Over 60% of Delhi’s sex workers have returned to their home states thanks to a loss of means of livelihood amid the coronavirus-induced lockdown that pushed many of them to the brink of starvation.
No one thinks about them they are also human beings. What happened if they are sex workers they have also rights to live a great life like everyone lives. The government should think about them and provide them food and all things which they need.
The fear of contracting the deadly pathogen has kept customers away, leaving a debilitating impact on sex workers within the city.

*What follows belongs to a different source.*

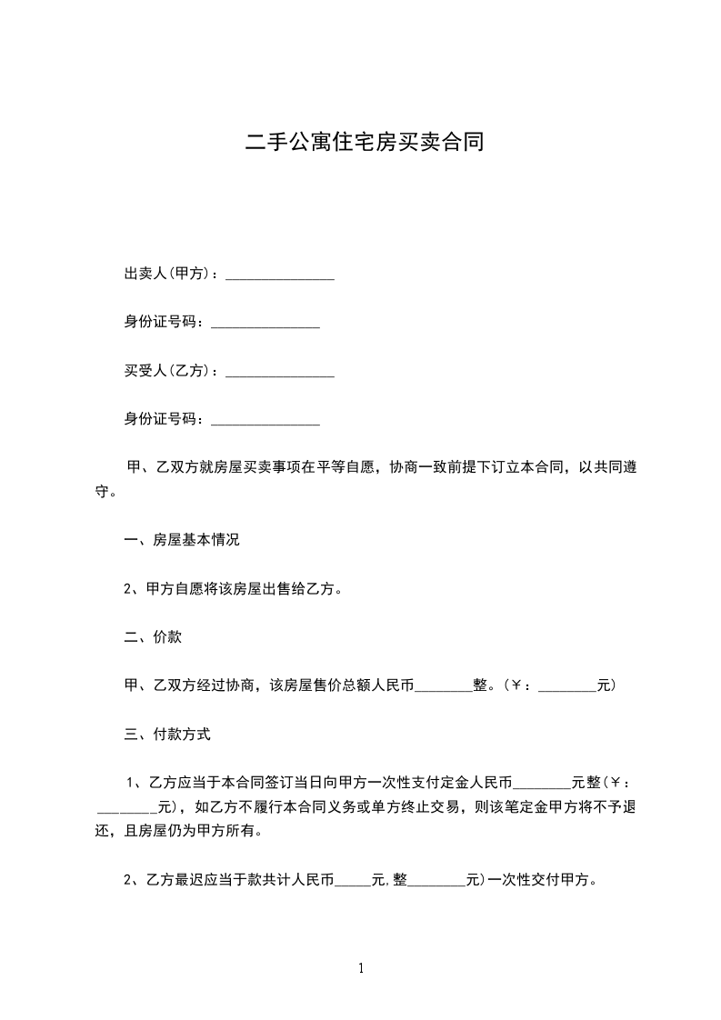 1、甲方应于乙方付清全部房款后的___日内,将该房屋交付乙方。交付方式为给付该房屋门钥匙。

Kusum, who is president of the All India Network of Sex Workers (AINSW) – a gaggle of sex workers that assists others with legal rights, health issues and Social Security across the country, said over 60% of the sex workers in Delhi have already left for his or her home states.
“The 60% population accounts for around 3,000 sex workers. consistent with government figures, a complete of registered 5,000 sex workers reside in Delhi,” Kusum said.
She said they were forced to go away the town after enduring weeks of the struggle for basic facilities like food and medicines.
Shalini, one such worker, moved back to her village in Uttar Pradesh after living for eight years in Delhi.
“I ran far away from my abusive range in UP at the age of 18. I wanted to be an actress but got into prostitution to survive during this city,” 26-year-old Shalini told PTI.
“After stepping into this business (sex trade), a minimum of I used to be not struggling for food, I used to be not on streets. But ever since the coronavirus outbreak and therefore the lockdown, I even have zero customers and money is dehydration,” she said.
Another sex worker Rajni (name changed) said she and her four-year-old son haven’t eaten properly within the last two months.
“When my son fainted out of weakness fortnight back I made a decision to maneuver back. I even have some relatives in UP who don’t know what I do here. I will be able to stick with them for a few days before deciding what to try to next,” she added.
Sharmila (name changed) who grew up as an orphan on the streets of Kanpur became a sex worker in Delhi five years ago to form ends meet.
“But now there’s no food, no medicines, and no customers. it’s impossible to survive any more in Delhi with the savings that I even have. The social distancing goes to hit our business quite anything so there’s no point staying here,” Sharmila, who is getting to withdraw to Kanpur, said.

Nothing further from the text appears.